Les tests psychologiques : le retour en grâce

Retrouvez cet article publié le 20 juin 2012 sur le site du Cercle Psy.

En France, on les a longtemps décriés. Mais depuis quelques années, les tests psychologiques font l’objet d’une vraie recrudescence. D’où vient cette vogue ? Comment construit-on un test, qu’apporte-t-il ? Combien coûte un tel outil, et qui peut l’utiliser ? Enquête auprès de concepteurs ou vendeurs.

Nous sommes en 1970. L’usage des tests psychologiques est particulièrement décrié : professionnels et particuliers les accusent de véhiculer une idéologie de classement, de différentiation des individus, de répression. Leur interprétation est perçue comme trop mécanique, comme s’ils étaient dotés d’une valeur absolue, et non relative. Enfin, leur passation hiérarchiserait excessivement la relation entre l’expert et le patient, le testeur et le testé.

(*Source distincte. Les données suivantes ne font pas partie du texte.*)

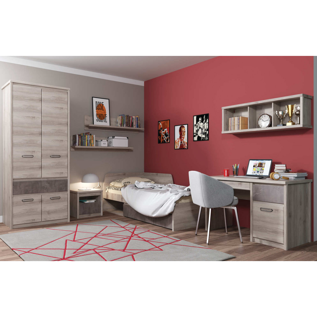 Детская Джаз выполнена в современном стиле. Отличительной особенностью этой коллекции является одновременное применение двух вариантов открывания двери: при помощи металлических ручек на одних фасадах и внутренней фрезеровки на других. Фасады выдвижных ящиков могут быть выполнены как в цвете оникс, так и в цвете каштан найроби. Эта мебель станет заслуженным украшением для любого интерьера.
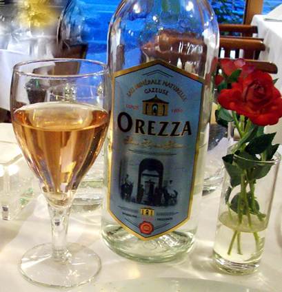 Dinner at L’Abri Cotier: Sparkling water and rosé wine from Corsica

Une palette de tests inédite

Aujourd’hui, les tests psychologiques ont largement gagné en popularité. « On redécouvre l’importance que peuvent avoir les outils d’évaluation, analyse Bernard Langelier, directeur d’Eurotests Editions. Ceux-ci fournissent à l’expert des éléments qui permettent d’émettre un avis pertinent sur une personne, dont elle pourra se saisir pour construire sa propre histoire ». Si le regard porté sur l’usage de ces tests a considérablement évolué, c’est notamment lorsque, voici une trentaine d’années, sont arrivés les bilans de compétences dans nos contrées. Toutefois, l’usage de ces outils continue de faire l’objet de reproches. Dans le champ des ressources humaines par exemple, la restitution est souvent affirmative, alors qu’elle devrait être relative. « Cet usage est pour moi condamnable » confie Bernard Langelier.

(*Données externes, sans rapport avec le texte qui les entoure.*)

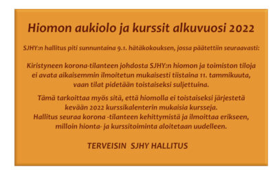 Hiomon aukiolo ja kurssit alkuvuosi 2022

Actuellement, les psychologues ont le choix entre une pluralité de tests dont ils doivent distinguer les avantages et les inconvénients, les possibilités et les limites. « Ce choix de l’outil et de l’éditeur est une nouveauté » explique Bernard Langelier. Les tests d’efficience permettent d’émettre un diagnostic (épreuve d’intelligence générale par exemple), tandis que les tests projectifs (Rorschach, TAT) sensibilisent à la personnalité de l’individu. Ces deux types d’épreuves, aux visées distinctes, ne font pas l’objet de la même élaboration statistique, et ne bénéficient pas de la même rigueur dans la construction.

Comment construit-on un test ?

L’élaboration d’un test représente un investissement temporel considérable. « Il m’a fallu près de six ans pour réaliser l’adaptation de la NEMI-2 (un test d’intelligence pour enfants) ! » nous confie Georges Cognet, psychologue clinicien, enseignant à l’Ecole des psychologues praticiens et expert auprès des ECPA (Editions du centre de psychologie appliquée). Quelles sont les différentes étapes qui ponctuent l’élaboration d’un test psychologique aux ECPA ? Dans un premier temps, les chercheurs sélectionnent le modèle théorique qui semble le plus approprié. Puis sont créés des items (situations et questions), dont la moitié sera rejetée. Ces items sont ensuite soumis à un ensemble de 300 sujets. A la suite de cette passation, les items conservés sont quant à eux hiérarchisés du plus facile au plus difficile. Une fois le test construit, une équipe de psychologues le teste sur près de 1 200 sujets. Les experts rassemblent alors l’ensemble des réponses données et déterminent les critères de cotation. Enfin, les statisticiens élaborent normes et tableaux.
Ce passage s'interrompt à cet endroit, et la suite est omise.